According to research company CivicScience, the biggest growth in delivery in the U.S. market at this time is displaced office workers working from home. CivicScience also reports that while people are ordering more delivery, they’re also tipping their drivers more, which is good news for frontline workers.

Tech Talk
Technology is the engine that drives all of the above trends — from the delivery boom to the rise in dealing. But technology also facilitates additional trends, such as touchless payment, which currently accounts for less than two per cent of all transactions. This form of payment is expected to climb as consumers continue to exercise caution around touching surfaces in public places or handling money.

Pre-ordering has also risen in popularity, even before the COVID-19 crisis began. In fact, digital orders currently account for six per cent of all restaurant dollars and have been climbing faster than any other segment of the market for about three years.

Customer interaction through social media allows restaurants to communicate with their customers, even if they are closed or on reduced service through this crisis.
Location, location, location

According to the NPD Group ReCount census of restaurant locations, there are approximately 65,000 commercial restaurants in Canada. And, while independent restaurant counts peaked in 2008 — followed by declines every year since — chains continue to grow, although the overall number of restaurants is down about 7,000, or just under 10 per cent in about 10 years. Restaurants Canada suggests another 10 per cent closed at the start of this crisis and many more are on the verge of shuttering.

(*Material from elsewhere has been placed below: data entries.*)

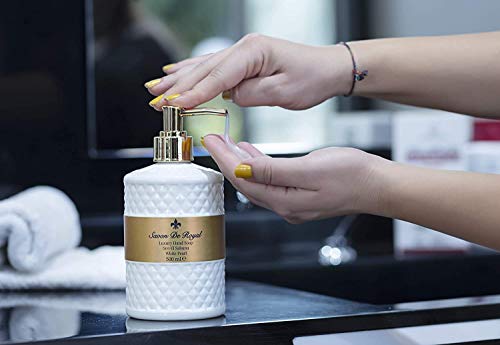 Efce lavaggio a mano quotidiano: Sicuro e altamente efce. Le tue mani hanno un odore piacevole con i suoi profumi di lunga e piacevoli contenenti fiori di giglio e mandarino dolce alle note di testa, muschio e vaniglia nelle note di fondo. Il sapone liquido Savon De Royal Pearl dona ai tuoi bagni un look sofisticato con la sua confezione elegante ed elegante.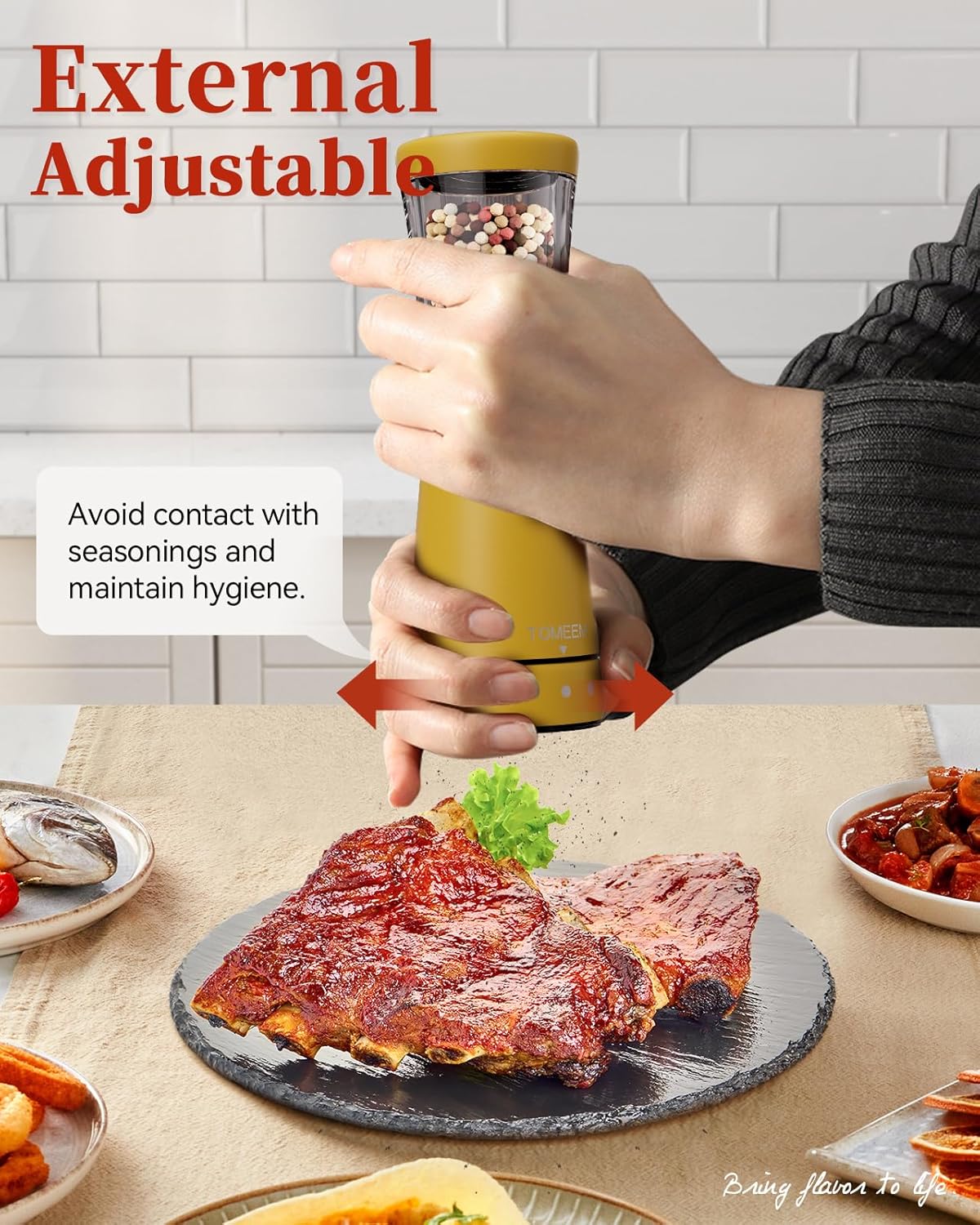 - Precision Grinding with Ease: Achieve the precise grind every time with the user-friendly adjustable coarseness feature. Simply twist the knob at the base to tailor your spices from fine to coarse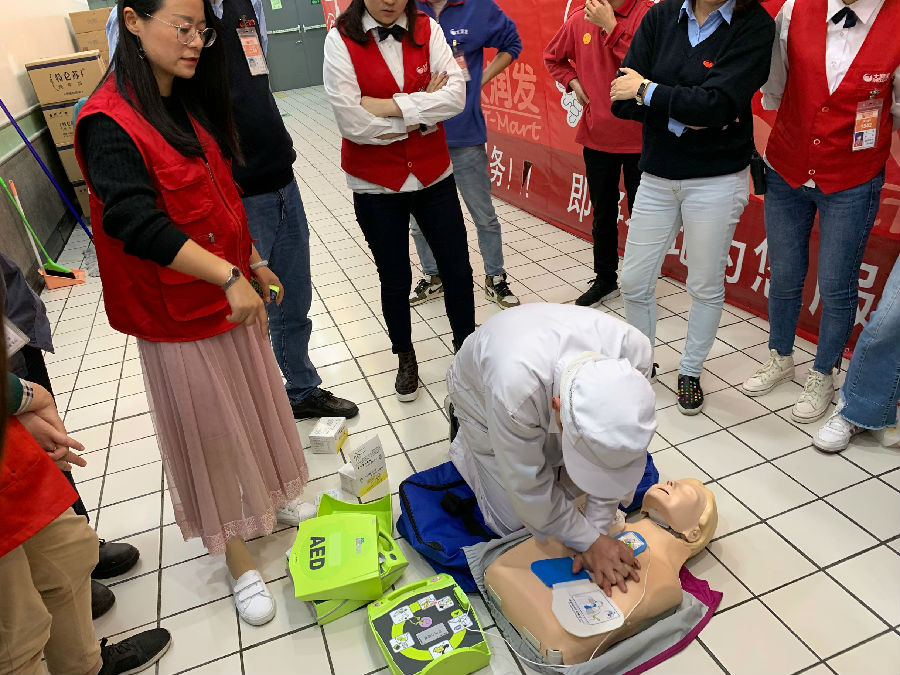 培训中,红十字救护培训师针对AED的设备性能、使用方法、管理维护等方面对设置点的管理人员进行了理论和实践操作培训,并强调了AED管理的重要性,对今后的管理工作提出了具体要求。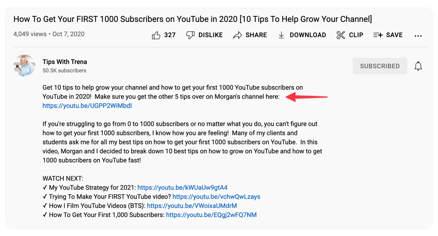 The same structure follows on Morgan’s channel. They both list links in the video description that take viewers to the other five tips on the other creator’s channel.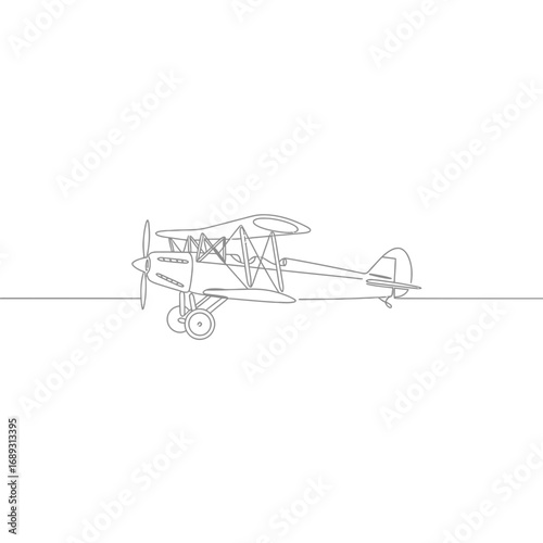 Gray Line Drawing of Vintage Biplane on White Background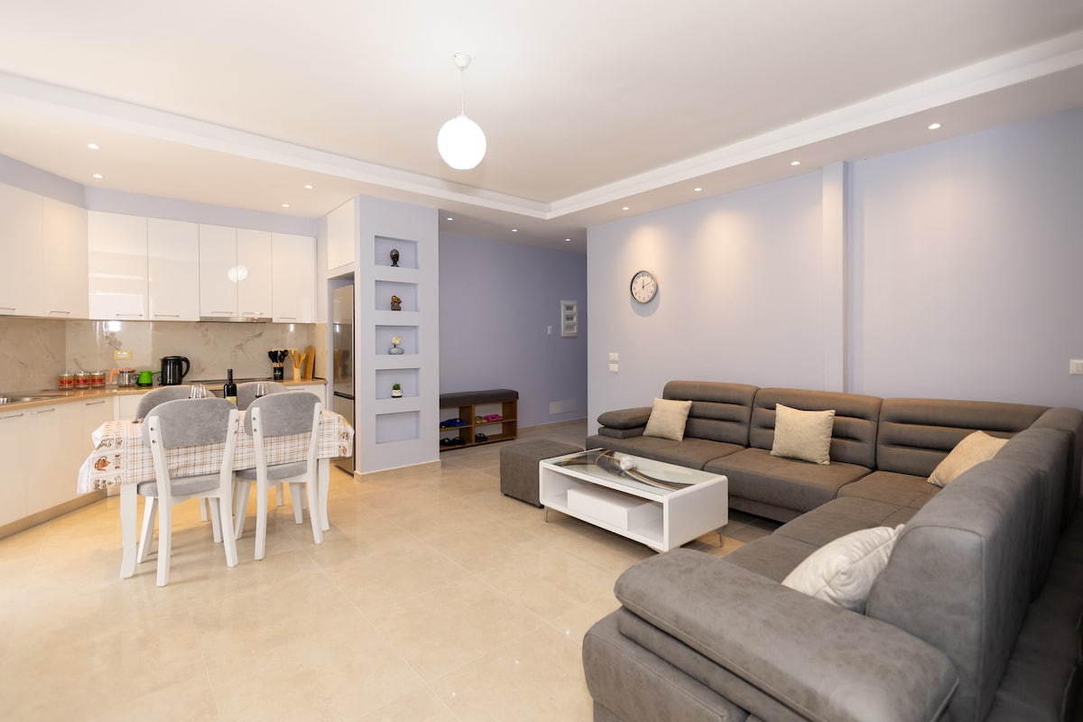 Ifulethi elivulekile elingu-1+1 enkabeni ye-Lungomare Promenade yase-Vlora elinezindawo ezinhle zasolwandle. Ihlalisa ngokunethezeka izivakashi ezingaba ngu-4 ezinekamelo lokulala elithokomele nendawo yokuhlala ekhanyayo. Ikhishi elinakho konke nendawo yokuphumula elungele imindeni noma amaqembu. Izitebhisi ezisuka ebhishi, amathilomu, nezindawo zokudlela. Jabulela okungcono kakhulu kwempilo yasolwandle yase-Vlora khona kanye emnyango wakho!

Amid these closures, independents have actually grown share of visits in recent years and those remaining open are stronger than ever as consumers gravitate towards the unique and authentic dining experiences offered by independent operators. In fact, a recent study completed in the U.S. by CivicScience indicates consumers are looking for ways to support their local businesses during, and after, this crisis. While this is a difficult time for independent restaurants, those able to survive the hardship should come out stronger on the other side.

A New Outlook
Now, more than ever, restaurateurs need to realize going out to a restaurant is not just about the food. If it were, restaurants wouldn’t be suffering as much as they are right now because we still need to eat. Instead, eating out is about the experience. It’s all about spending time with friends and family, enjoying a night out and soaking in the ambiance. The functional side of eating out — the food — is further down on the list. In fact, a recent study completed by The NPD Group in the EU confirms going to a restaurant is one of the first things that many plan to do as soon as they’re able.

Summing up
During this crisis, it’s important for operators to focus on their core. Understand your customer, why they visit and how your restaurant is different and unique. Continue to do what you do — only better than ever. But don’t be afraid to try new things to stay relevant and current, as long as they remain aligned with your core offerings.